“小东家勿怪,我等也是奉了命令,送小东家远离汤江之地。”汤江城里的那位官头,脸色微微凝重,急忙拍马赶来。
说到底,若非是官坊的命令,他可不愿意雨夜带刀,来送这帮子的瘟神。
“官爷,要去几里。”
“百里。”
徐牧转头冷笑,真要赶尽杀绝了。
“司虎,催马。”
大雨并未有任何消停的迹象,马车沿着官道,一路往前。任着风雨泼打,乍看之下,确有几分惨状。
待出了一百里地,十几骑官差才惊魂未定地调转马头,雨夜回赶。可以见得,四大户对徐牧的顾忌有多深。

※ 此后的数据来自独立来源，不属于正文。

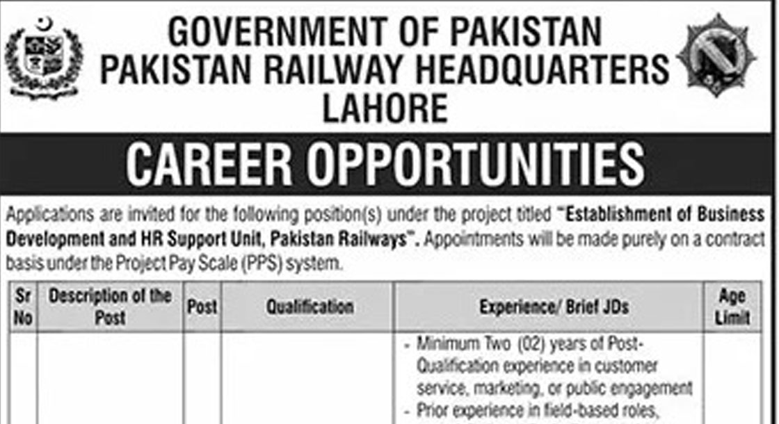 CAREER OPPORTUNITIES Pakistan Railways New Jobs 2025 Latest Advertisement The Government of Pakistan – Pakistan Railways Headquarters Lahore has officially announced new career opportunities for 2025 under its special project titled “Establishment of Business Development and HR Support Unit, Pakistan Railways.” VACANT POSITIONS

“东家,前方有片避雨林子。”周遵急奔而回,声音沉沉。
“列位,搭棚避雨!”徐牧没有犹豫。
雨夜蹉跎一百里路,这一会,已经近了清晨。风雨一程,每个人身上,都是湿漉漉一片。
约在大半个时辰之后,四五个简易的草棚,总算搭建了起来。
按着徐牧的打算,暂避休整之后,便去其他的大城看看,哪怕买不到地契,至少,也要寻一间客栈。
再在野外淋下去,迟早会生出病来。
“徐郎,喝口水。”姜采薇捧着一碗热汤,小心地端到徐牧面前。
地面湿潮,只得废了两三口陶缸,用作火盆。
“多穿件衣服。”
姜采薇乖巧地点点头,自个去披了一件,又寻了一件,帮着徐牧披在身上。
“遥想当初,望州城破,我等同样是四十余人,不得已而杀狄人,奔河州,迁内城。”
“大势之下,做犬自然能活,但做人,却会活得更舒服,无需弯腰讨骨头,也无需战战兢兢寄人篱下。”

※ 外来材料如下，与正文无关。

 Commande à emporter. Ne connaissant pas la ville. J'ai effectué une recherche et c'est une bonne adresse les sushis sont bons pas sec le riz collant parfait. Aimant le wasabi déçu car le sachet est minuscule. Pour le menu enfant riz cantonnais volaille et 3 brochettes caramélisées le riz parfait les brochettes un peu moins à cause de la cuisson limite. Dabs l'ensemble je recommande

徐牧抬起头,看着周遭的四十余人,每个庄人的脸上,都是坚定的神色。
无由来的,徐牧心底一阵欣慰。
“我徐牧答应列位,在往后,我等不仅要有大庄子,还要有大镇子!有粮行买卖,有酒楼赌坊,还有一条大河,让那些坊船上的姑娘们,都给我等献舞唱曲儿!”
“大户不敢动,官军不敢惹!便如常家镇一般!”
“但在此之前。”徐牧凝住声音。
“我等宁不做犬!”
雨夜的瓢泼之中,无数人的眸子,都开始闪动憧憬的光泽。
“宁不做犬!”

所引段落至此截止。